**ABOUT THIS EXERCISE:** In the entries below, find the line with "وسيتولى فضيلة الشيخ" and the line with "選中以下自訂屬性定義,點選[新增]。", then retype both and everything between them exactly. Do not copy the pictures.

RECORDS FOR THIS EXERCISE below:

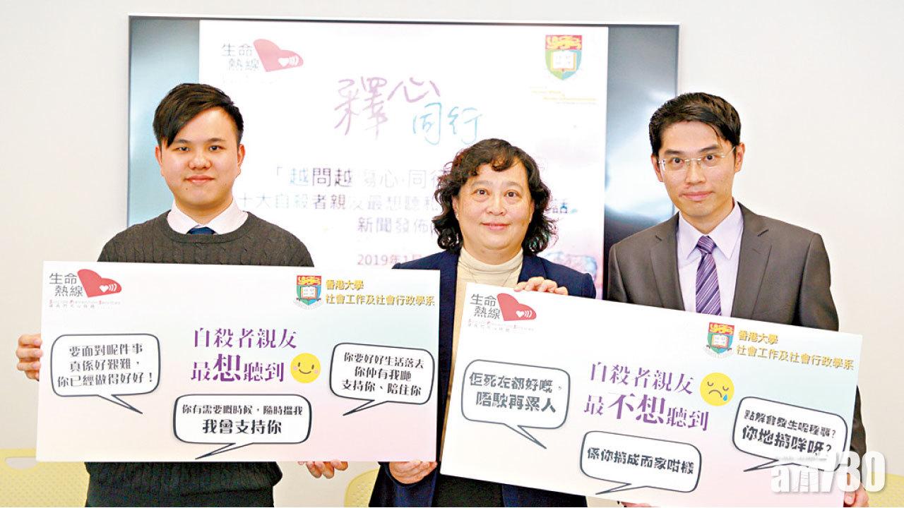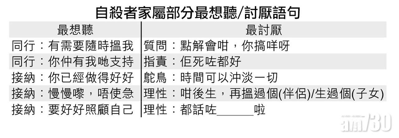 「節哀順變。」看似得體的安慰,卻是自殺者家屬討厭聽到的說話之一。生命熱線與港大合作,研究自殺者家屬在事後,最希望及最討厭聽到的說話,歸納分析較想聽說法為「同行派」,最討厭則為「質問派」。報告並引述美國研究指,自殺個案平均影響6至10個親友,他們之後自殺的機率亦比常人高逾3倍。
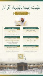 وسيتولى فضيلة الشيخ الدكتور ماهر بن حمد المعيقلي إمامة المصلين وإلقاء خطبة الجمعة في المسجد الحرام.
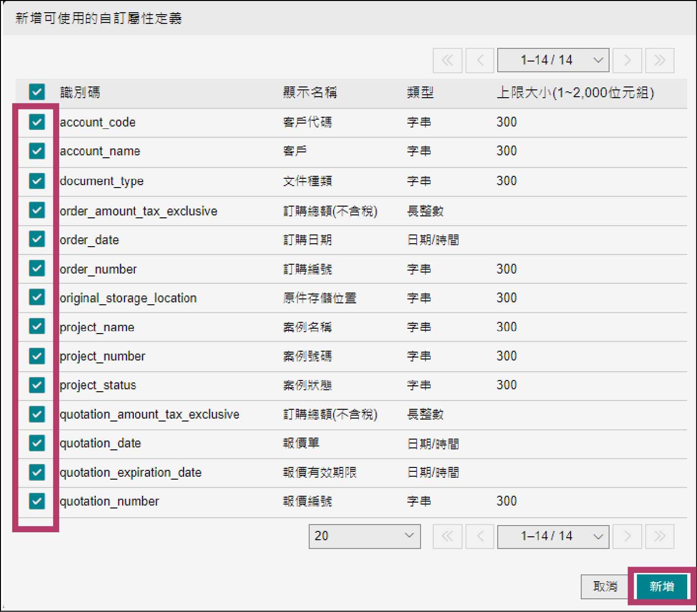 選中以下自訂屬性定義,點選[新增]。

End of RECORDS FOR THIS EXERCISE.
RECORDS FOR THIS EXERCISE below:

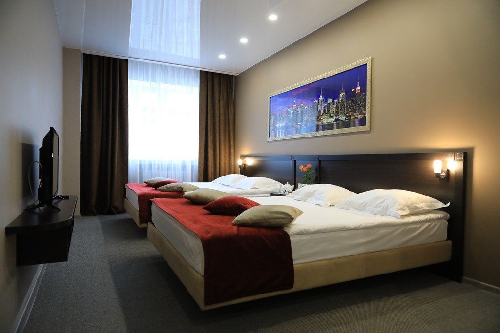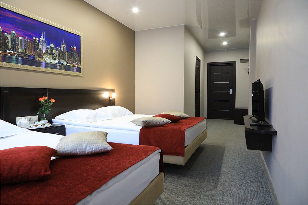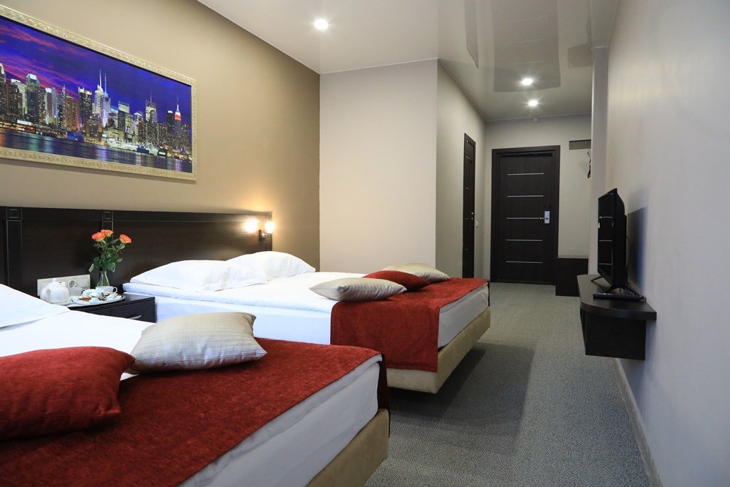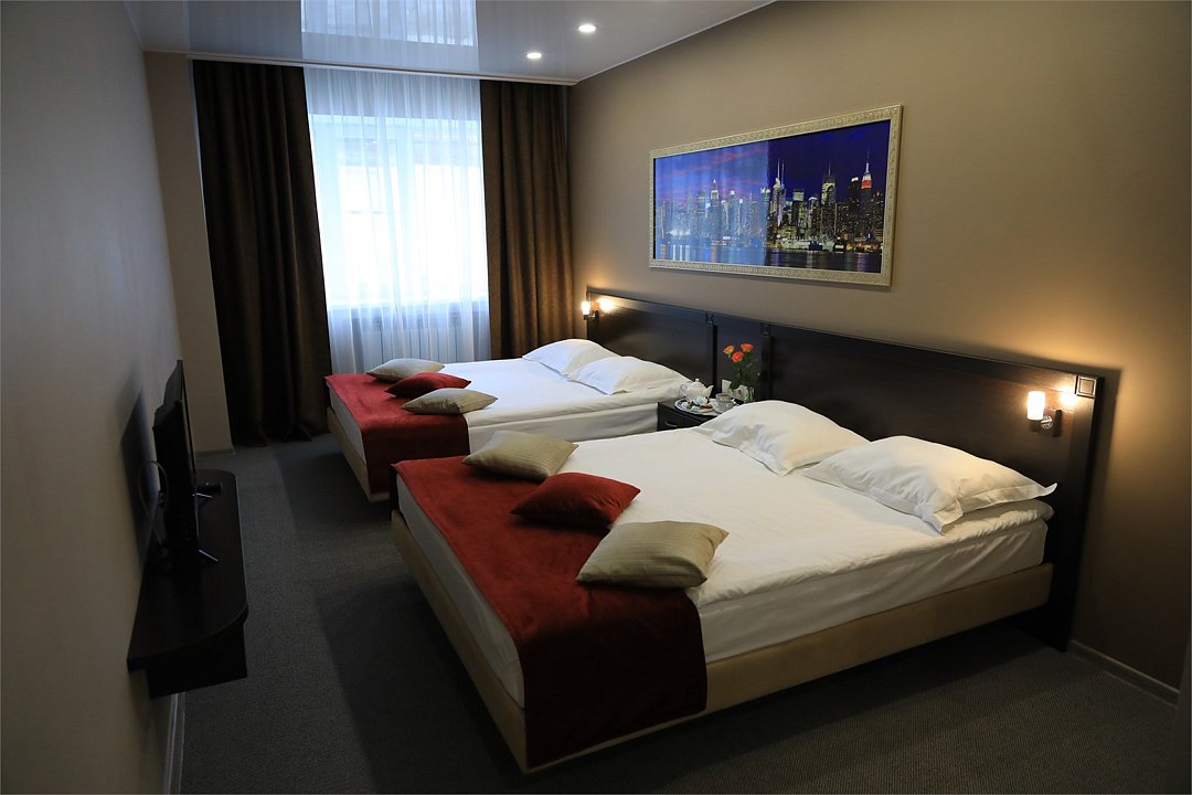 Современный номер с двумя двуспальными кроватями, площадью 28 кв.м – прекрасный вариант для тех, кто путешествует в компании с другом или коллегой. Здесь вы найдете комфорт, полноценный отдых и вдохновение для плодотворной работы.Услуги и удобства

End of RECORDS FOR THIS EXERCISE.
RECORDS FOR THIS EXERCISE below:

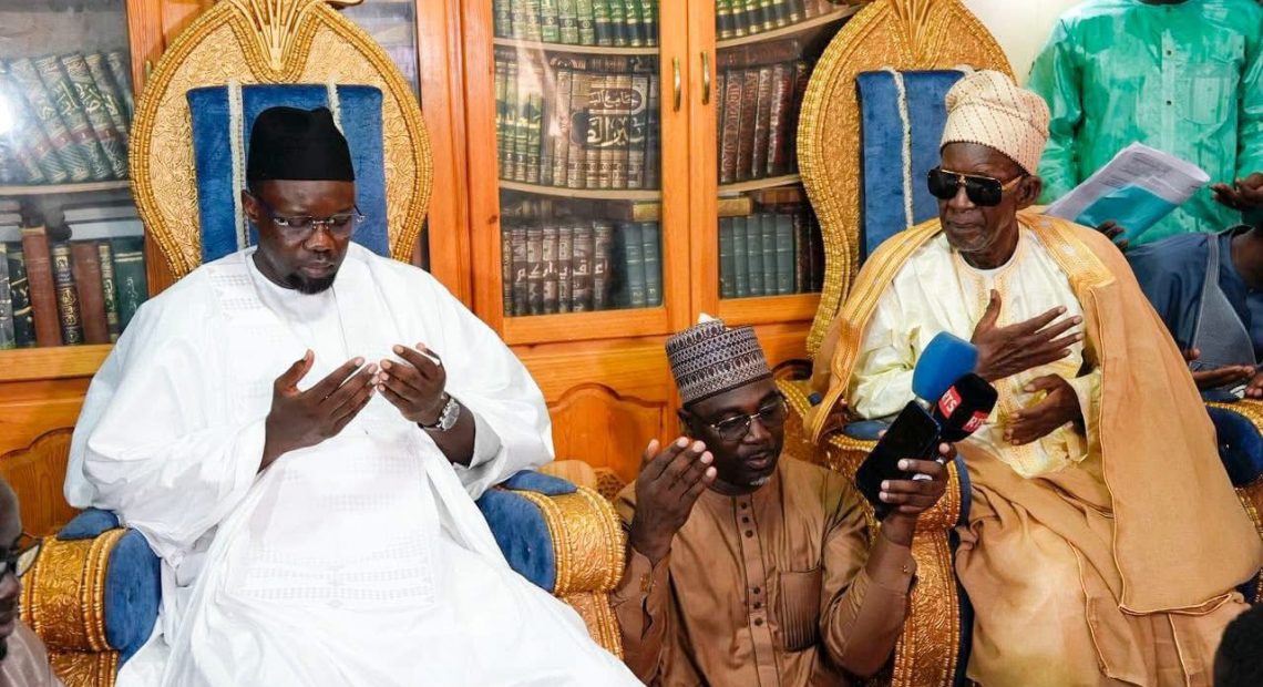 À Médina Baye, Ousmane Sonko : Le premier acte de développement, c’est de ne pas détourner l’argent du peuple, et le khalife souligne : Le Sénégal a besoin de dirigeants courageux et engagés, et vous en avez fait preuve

End of RECORDS FOR THIS EXERCISE.

**EXERCISE OUTPUT:**
 وسيتولى فضيلة الشيخ الدكتور ماهر بن حمد المعيقلي إمامة المصلين وإلقاء خطبة الجمعة في المسجد الحرام.
 選中以下自訂屬性定義,點選[新增]。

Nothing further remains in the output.